Remark: There are different, related, ways of computing this quantity. As this method is a heuristic, there isn’t a ‘correct’ formula with a probabilistic interpretation.

Notice that if a term appears in every document in the collection, the \({\rm idf(t, d)}\) is zero. This fits the intuition that very common words should not be considered relevant to the information contained in a document.

Example: The TF-IDF of the word two in the first apartment listing is computed as follows:

\[{\rm tf}(\texttt{two}, \texttt{listing0}) = \frac{1}{8}\]
\[{\rm idf}(\texttt{two}) = \log(\frac{3}{2})\]
\[{\rm tf}(\texttt{two}, \texttt{listing0})\cdot {\rm idf}(\texttt{two}) = \frac{1}{8}\log(\frac{3}{2})\]
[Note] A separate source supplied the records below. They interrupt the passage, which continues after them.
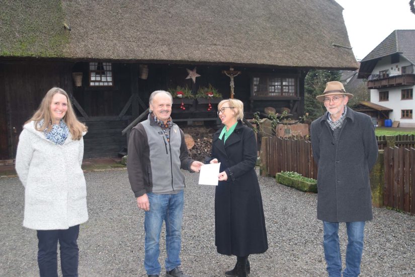 Am Donnerstag überreichte Lions-Präsidentin Bärbel Winkler auf dem Gelände des Fürstenbergerhofs den Hauptpreis des diesjährigen Lions-Adventskalenders an Erwin Pfaff aus Zell a. H., passend zum Kalenderbild, das den Fürstenberger-Hof zeigt.
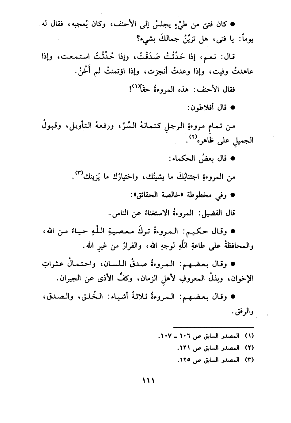 . وَقَالَ بَعضهم: الْمُرُوءَة ثَلَاثَة اشياء: الْخلق، الصدْق، والرفق.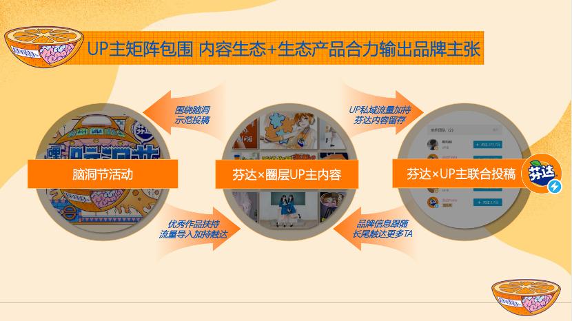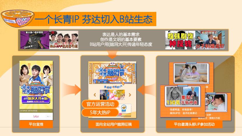 我们以芬达在B站的脑洞节营销为例,在常规营销思路下,快消饮品更多在于硬广内容输出以及KOL种草合作。但在B站平台中,芬达通过联合投稿、用户共创的方式,品牌与B站联合打造营销IP,激发用户创作IP内容,实现话题的圈层传播。值得一提的是,芬达在活动中采用了扭蛋机互动、定制化UP主内容等B站独有方式,最终收获了超1.9亿曝光。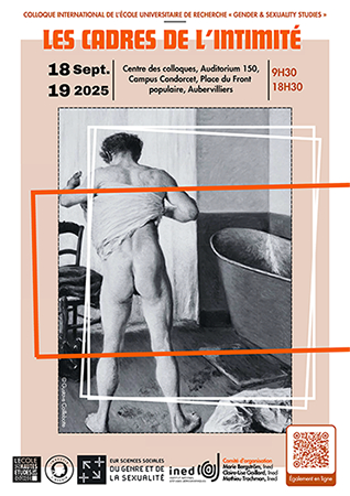 Les cadres de l’intimité Séminaires et colloques du 18/09/2025 au 19/09/2025 Centre des colloques du Campus Condorcet, auditorium 150, de 9h30 à 18h30 Organisé par L’EUR Gender and Sexuality Studies (GSST, Ehess-Ined) Pour suivre le colloque à distancehttps://ined-fr.zoom.us/j/92671553731?pwd=yRoKD7utFYEtdDkan0eU9INPvtKn5Y.1Programme synthétiqueCadrage des parentalitésIntimité et institutions disciplinaires"L'amour tel qu'il est ou tel qu'il se fait ?" Conférence de L. PekerFrontières et continuum d'intimités relationnellesTravailler l'intimitéSororité et intimités entre femmesIntimités hors cadreZoom sur l'image Programme détaillé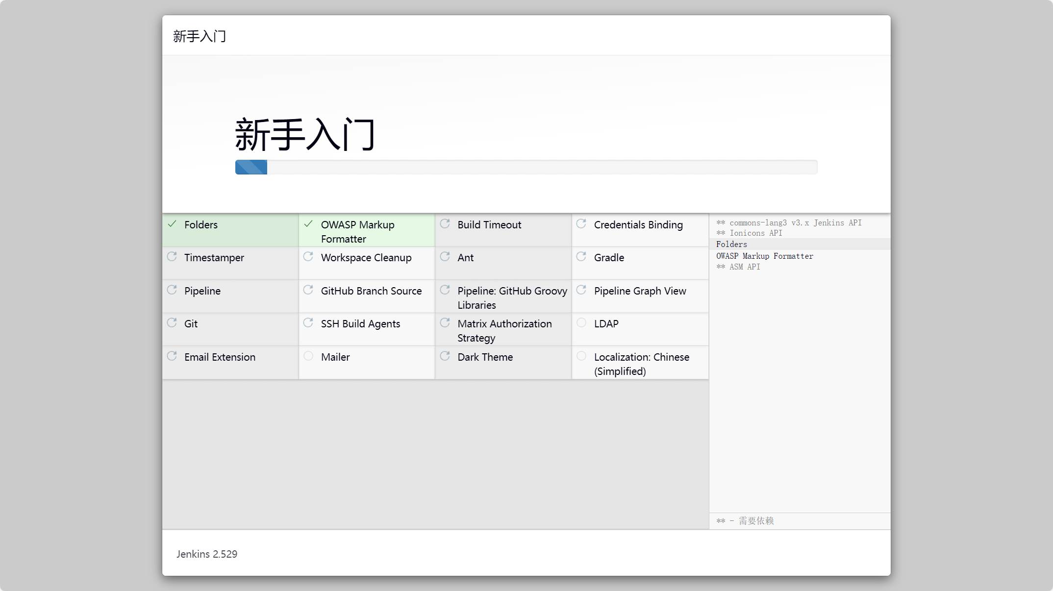 然后再刷新页面按照之前的步骤获取密码登录后安装推荐的插件即会出现如下安装页面:

This quantity naturally defines the most relevant words for a given document: the term with the highest TF-IDF for a given document best summarizes the document.

Example: Computing the most relevant term for each listing is illustrated in the following code:

apts
phrase
0 a two bedroom apartment with washer and dryer
1 a two bedroom house with a washer hookup
2 a three bedroom house with a fireplace

While slower than leveraging optimized libraries, the Bag of Words embedding can be easily implemented with Pandas:

bow = (
    apts['phrase']
    .str.split()
    .apply(lambda x:pd.Series(x).value_counts())
)
bow
washer with apartment two a and dryer bedroom hookup house three fireplace
0 1.0 1.0 1.0 1.0 1.0 1.0 1.0 1.0 NaN NaN NaN NaN
1 1.0 1.0 NaN 1.0 2.0 NaN NaN 1.0 1.0 1.0 NaN NaN
2 NaN 1.0 NaN NaN 2.0 NaN NaN 1.0 NaN 1.0 1.0 1.0

The term frequencies of each word, in each document, is represented in a matrix labeled by words and document number. Each word in a given document is part of an empirical distribution for that document:

term_frequencies = bow.apply(lambda x:x / x.sum(), axis=1)
term_frequencies
washer with apartment two a and dryer bedroom hookup house three fireplace
0 0.125 0.125000 0.125 0.125 0.125000 0.125 0.125 0.125000 NaN NaN NaN NaN
1 0.125 0.125000 NaN 0.125 0.250000 NaN NaN 0.125000 0.125 0.125000 NaN NaN
2 NaN 0.142857 NaN NaN 0.285714 NaN NaN 0.142857 NaN 0.142857 0.142857 0.142857

The inverse document frequency is calculated using a straightforward count of non-null entries:

tot = bow.shape[0]
inverse_document_frequencies = np.log(tot / bow.count())
inverse_document_frequencies
washer       0.405465
with         0.000000
apartment    1.098612
               ...   
house        0.405465
three        1.098612
fireplace    1.098612
Length: 12, dtype: float64

The resulting tfidf matrix represents the term frequency, inverse document of frequency of every term in every document:

tfidf = term_frequencies * inverse_document_frequencies
tfidf
washer with apartment two a and dryer bedroom hookup house three fireplace
0 0.050683 0.0 0.137327 0.050683 0.0 0.137327 0.137327 0.0 NaN NaN NaN NaN
1 0.050683 0.0 NaN 0.050683 0.0 NaN NaN 0.0 0.137327 0.050683 NaN NaN
2 NaN 0.0 NaN NaN 0.0 NaN NaN 0.0 NaN 0.057924 0.156945 0.156945

The most relevant word in each document corresponds to the word with the largest tfidf in that document:

tfidf.idxmax(axis=1)
0    apartment
1       hookup
2        three
dtype: object

Remark: Why are these words good summaries of each listing? In what ways are they not good summaries?

Remark: These words were not the only correct answers; search for ties in the table.